Start of Provided entries

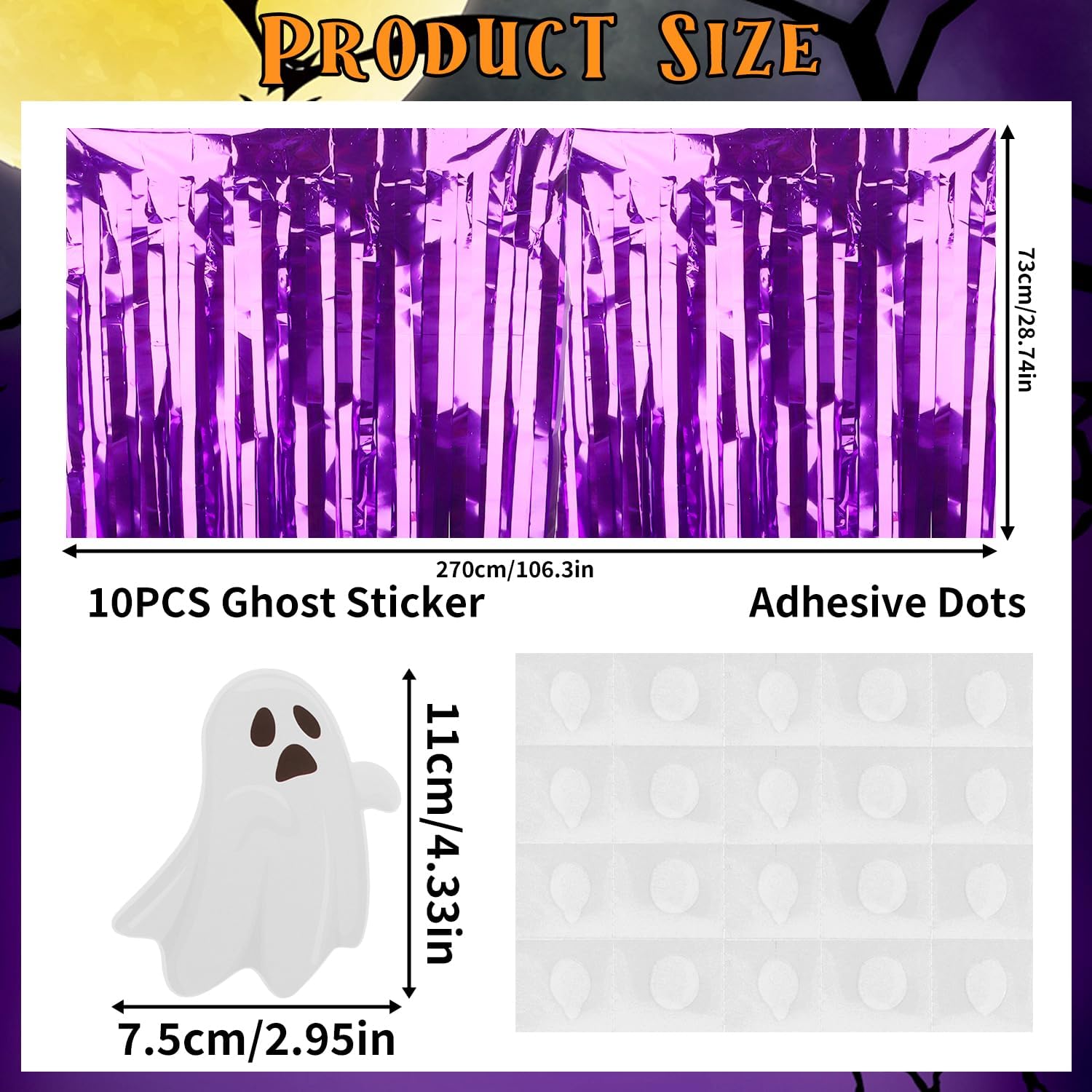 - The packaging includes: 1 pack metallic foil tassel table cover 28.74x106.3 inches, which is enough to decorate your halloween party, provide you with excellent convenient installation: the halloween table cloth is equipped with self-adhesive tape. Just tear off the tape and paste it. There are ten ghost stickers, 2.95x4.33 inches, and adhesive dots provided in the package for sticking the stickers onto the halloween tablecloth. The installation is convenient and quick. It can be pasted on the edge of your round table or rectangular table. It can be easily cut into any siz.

End of Provided entries
Start of Provided entries

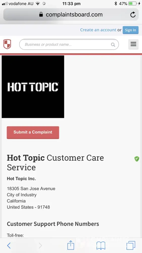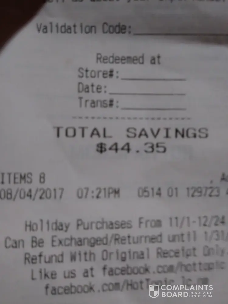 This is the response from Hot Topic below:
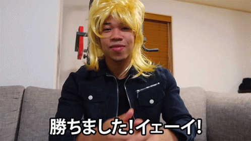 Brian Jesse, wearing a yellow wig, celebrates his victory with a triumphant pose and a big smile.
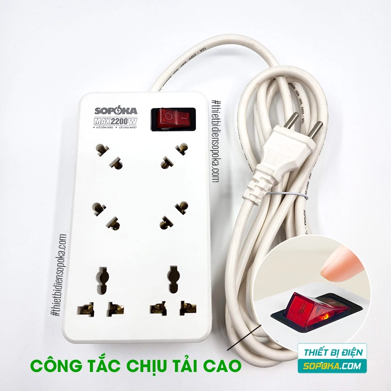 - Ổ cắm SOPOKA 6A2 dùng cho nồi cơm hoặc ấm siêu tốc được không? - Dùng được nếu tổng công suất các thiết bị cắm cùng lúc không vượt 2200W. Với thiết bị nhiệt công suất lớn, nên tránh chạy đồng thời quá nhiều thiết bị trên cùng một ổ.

End of Provided entries
Start of Provided entries

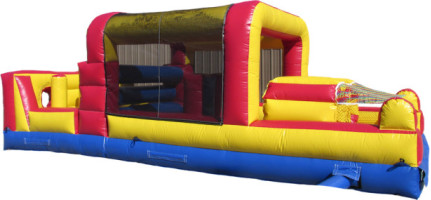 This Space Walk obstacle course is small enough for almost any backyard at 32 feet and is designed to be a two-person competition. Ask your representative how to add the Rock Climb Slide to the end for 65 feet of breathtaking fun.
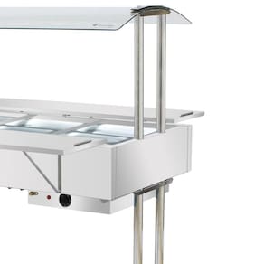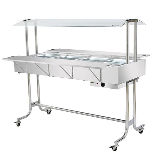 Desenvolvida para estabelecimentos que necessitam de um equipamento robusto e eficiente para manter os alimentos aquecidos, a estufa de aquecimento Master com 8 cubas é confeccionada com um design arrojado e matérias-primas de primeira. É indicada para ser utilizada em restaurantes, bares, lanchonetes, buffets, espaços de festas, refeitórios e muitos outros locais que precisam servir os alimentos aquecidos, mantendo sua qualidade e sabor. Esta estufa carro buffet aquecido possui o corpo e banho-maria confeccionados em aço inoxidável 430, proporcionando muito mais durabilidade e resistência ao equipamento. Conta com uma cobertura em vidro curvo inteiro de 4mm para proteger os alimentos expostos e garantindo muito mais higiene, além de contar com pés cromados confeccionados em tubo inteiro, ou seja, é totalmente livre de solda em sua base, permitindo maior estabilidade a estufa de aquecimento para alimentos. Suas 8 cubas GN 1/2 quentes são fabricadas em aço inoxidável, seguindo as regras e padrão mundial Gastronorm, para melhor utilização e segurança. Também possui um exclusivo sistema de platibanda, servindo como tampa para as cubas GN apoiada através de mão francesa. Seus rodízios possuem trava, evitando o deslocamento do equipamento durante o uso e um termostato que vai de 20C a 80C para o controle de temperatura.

End of Provided entries

> _Problem to work on_
Return exactly the lines above, from the one with "Brian Jesse, wearing" up to and including the one with "- Ổ cắm SOPOKA", and include no pictures.

> _Result of the task_
 Brian Jesse, wearing a yellow wig, celebrates his victory with a triumphant pose and a big smile.
 - Ổ cắm SOPOKA 6A2 dùng cho nồi cơm hoặc ấm siêu tốc được không? - Dùng được nếu tổng công suất các thiết bị cắm cùng lúc không vượt 2200W. Với thiết bị nhiệt công suất lớn, nên tránh chạy đồng thời quá nhiều thiết bị trên cùng một ổ.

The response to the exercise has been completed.